Thai Petrochemical Industry Plc (TPI) reported a 65 per cent decline in its outstanding debts to 37.89 billion baht or around US$940m as of the end of March, the Bangkok Post reports. The petrochemical company had debt of US$2.7 billion when it entered court-supervised rehabilitation in 2000 as the country’s largest debt-restructuring case.
The Central Bankruptcy Court will rule on April 26 whether the petrochemical and cement giant should be removed from the restructuring process as requested by its plan administrator.
On Sept 22, 2005, the plan administrator arranged the second round of sale of 249,007,294 shares of TPI Polene, one of its subsidiaries, as required under the plan. Two bidders participated but the higher offering price of 17 baht per share would not make it possible for the sale to generate the required US$250m as stipulated under the plan.

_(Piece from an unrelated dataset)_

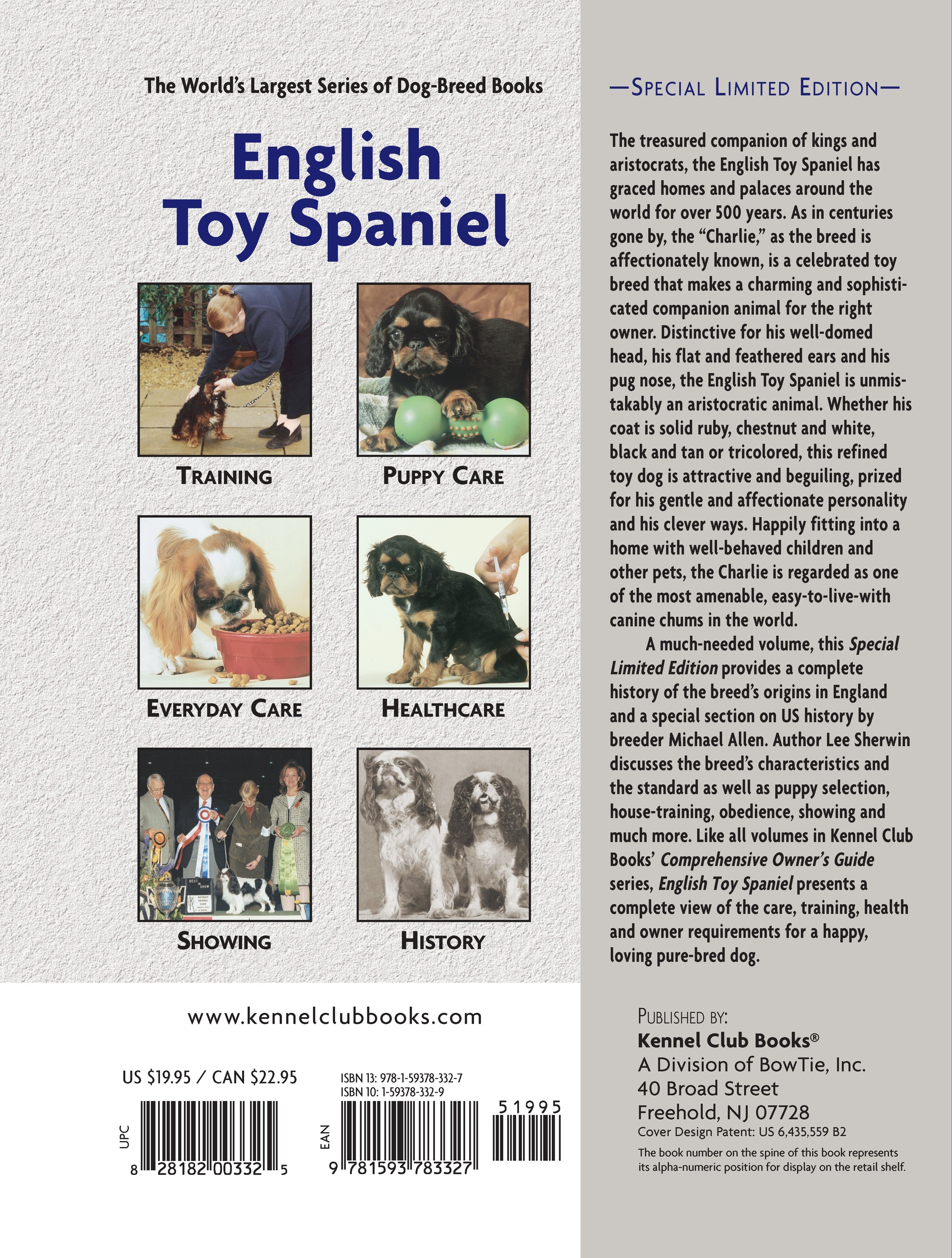 The treasured companion of kings and aristocrats, the English Toy Spaniel has graced homes and palaces around the world for over five hundred years. As in centuries gone-by, the English Toy Spaniel makes a charming and sophisticated companion for the right owner or family. The Charlie, as the breed is affectionately known?in honor of King Charles II, the breed’s most famous ally?is distinctive for his well-domed head, flat and feathered ears, and his pug nose. Owners are spoiled for choice, as the breed comes in four distinct color patterns (solid ruby, chestnut and white, black and tan, or tricolored). This Comprehensive Owner’s Guide opens with a chapter on the breed’s history, retelling the breed’s beginnings in England and featuring a special section on the history of the breed in America, written by breeder and artist, Michael Allen. The chapter on the breed’s characteristics is focused on helping a potential owner decide whether or not the Charlie is the right toy dog to bring into his or her life, considering the breed’s personality and physical traits, health concerns, and special requirements. For most responsible dog owners, the Charlie fits well into a home with well-behaved children and makes an amenable, easy-to-live-with

It turned out the creditors had decided to buy up all of the shares at 41.18 baht each, enabling TPI to raise US$250m to repay the creditors at last, and all accrued interest was also forgiven. Then on Dec 29 last year, the planner made the second repayment out of the proceeds from the 57-billion-baht issuance of new shares, resulting in a sharp decrease of the company’s outstanding debts to 37.89 billion baht as of the end of March.